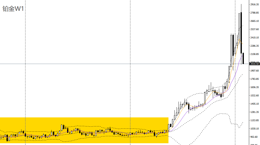 铂金周线呈看跌吞没阳柱,失守10周均线,波段预计将延续回落。周五收长阴柱,刺破日线布林下轨,2160-2180一带承压可进空。
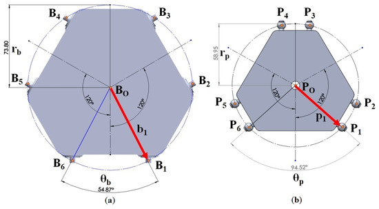 Construction and sizing parameters of the manipulator. (a) Lower platform parameters. (b) Upper platform parameters.
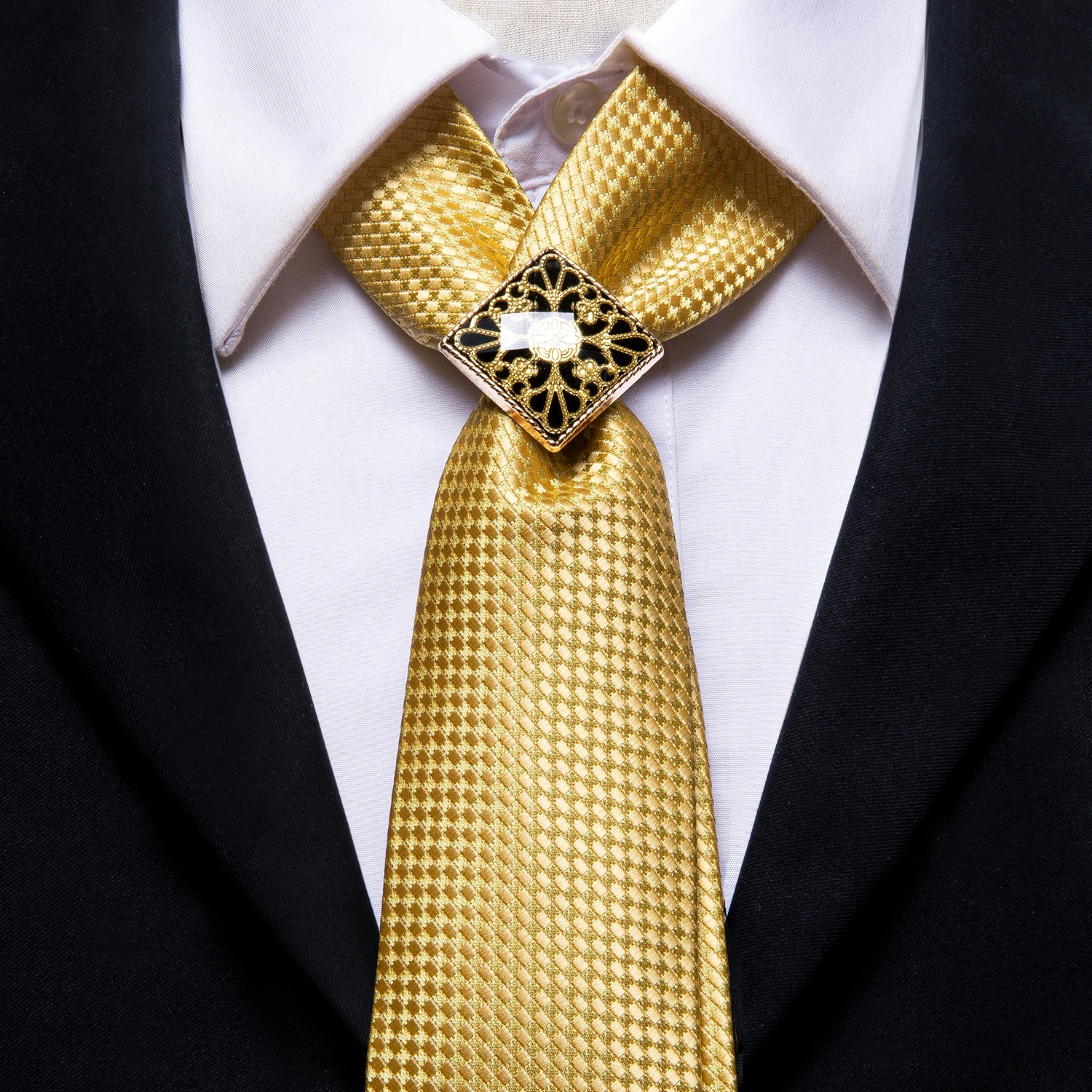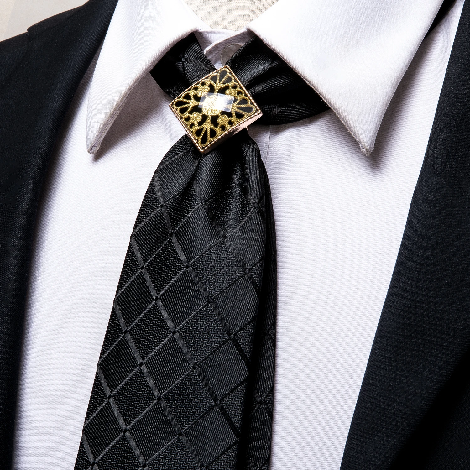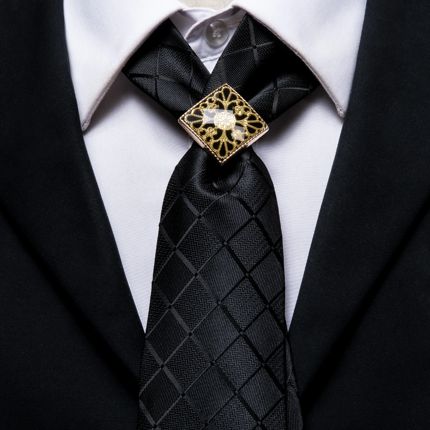 Галстук Hi-Tie мужской, черный, золотой, однотонный Шелковый Свадебный галстук для мужчин, набор запонок с кольцом, модный дизайн, деловечерние, Прямая поставка
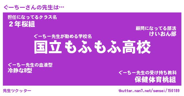| ヘコむあだ名 | 『ぐーにゅー』『なまこ酢』 |
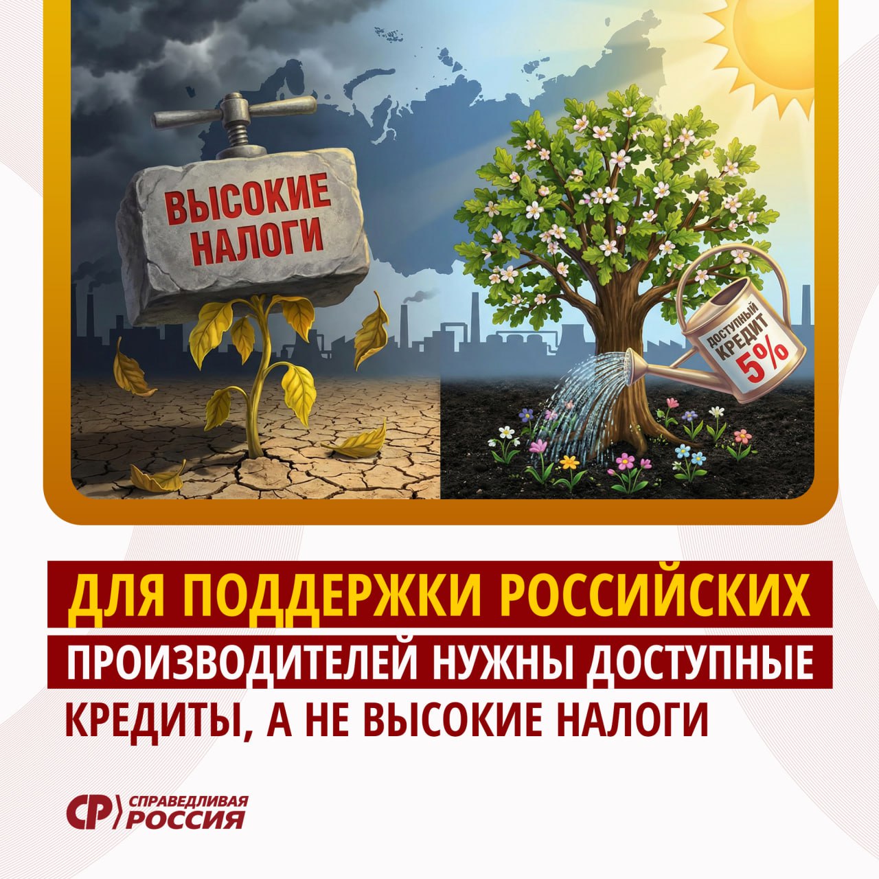 Лидер СПРАВЕДЛИВОЙ РОССИИ Сергей Миронов (https://t.me/mironovonline) уверен: для поддержки российских производителей нужны доступные кредиты, а не высокие налоги.

- **Problem**
From the line with "Construction and sizing" down to the last line of the entries above, set down every line exactly, apart from the pictures.

- **Problem solution**
 Construction and sizing parameters of the manipulator. (a) Lower platform parameters. (b) Upper platform parameters.
 Галстук Hi-Tie мужской, черный, золотой, однотонный Шелковый Свадебный галстук для мужчин, набор запонок с кольцом, модный дизайн, деловечерние, Прямая поставка
| ヘコむあだ名 | 『ぐーにゅー』『なまこ酢』 |
 Лидер СПРАВЕДЛИВОЙ РОССИИ Сергей Миронов (https://t.me/mironovonline) уверен: для поддержки российских производителей нужны доступные кредиты, а не высокие налоги.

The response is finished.